= Marianne Francois =

French-American fluid dynamics researcher

Marianne M. Francois is a French-American researcher in computational fluid dynamics at the Los Alamos National Laboratory in New Mexico. Her work includes the simulation of surface tension in fluids, heat transfer, and multiphase flow. She is division leader of the Theoretical Division at Los Alamos.

==Education and career==
Francois earned an engineering diploma at the EPF School of Engineering in 1997. After a master's degree from Embry–Riddle Aeronautical University in 1998, she completed a Ph.D. in aerospace engineering at the University of Florida in 2002, advised there by Wei Shyy.

She joined Los Alamos in 2002, and began working there in the Continuum Dynamics Group.

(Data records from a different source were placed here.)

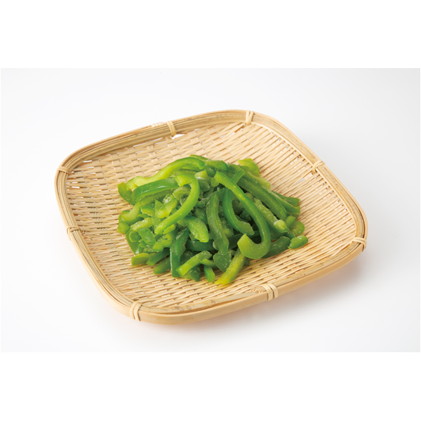 スライスカットしたピーマンを冷凍加工しており、下準備の手間を省くことができます。緑色のピーマンはチンジャオロースや他炒め物など汎用性の高い商品です。
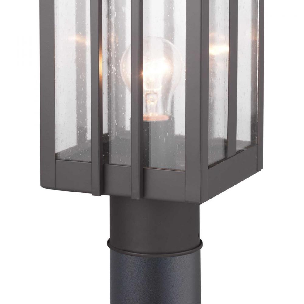 Geometric details in Boxwood’s design enhance Craftsman-inspired architecture. The one-light post lantern features clear seeded glass and finished in Antique Bronze which completes the authentic style.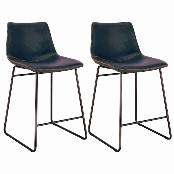 Classic Faux Leather 24" Counter Height Chair Set, Black, PR
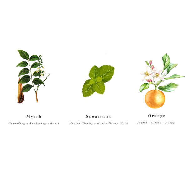 Immerse your senses with beautiful elements of Organic Sage, Eucalyptus, Cedar and Palo Santo, to curate your ritual space with pure joy! Spearmint to lift your mood, orange to ease and attract and Myrrh to ground your base, opening your energy lines up to accepting positivity and joy!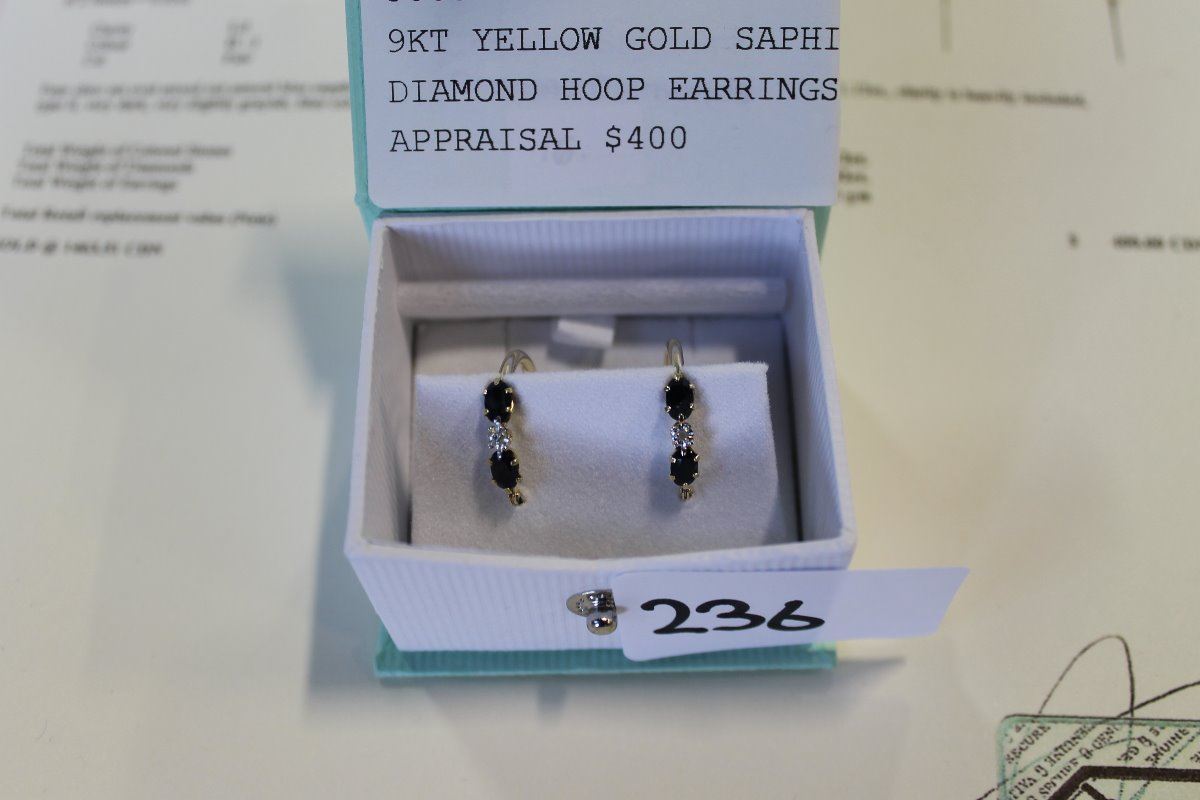 9KT YELLOW GOLD SAPHIRE AND DIAMOND HOOP EARRINGS WITH

She became deputy group leader in the Fluid Dynamics and Solid Mechanics group in 2012, group leader of the Methods and Algorithms group in 2015, and program manager for Physics and Engineering Models in 2018. She was named as division leader in 2020.

==Recognition==
The University of Florida's Department of Mechanical & Aerospace Engineering gave Francois its 2019-2020 Outstanding MAE Alumna Award, its highest honor for alumni.

She was named as an ASME Fellow in 2023.

==Personal life==
Francois earned a license as a private pilot in France after finishing high school. She serves as a captain in the Civil Air Patrol, through which she has flown search-and-rescue missions and helps mentor teenage volunteers. She is also a member of the Rio Grande Norte chapter of the Ninety-Nines, and through the Ninety-Nines has led aviation-related workshops for teen girls to encourage them to work in STEM fields.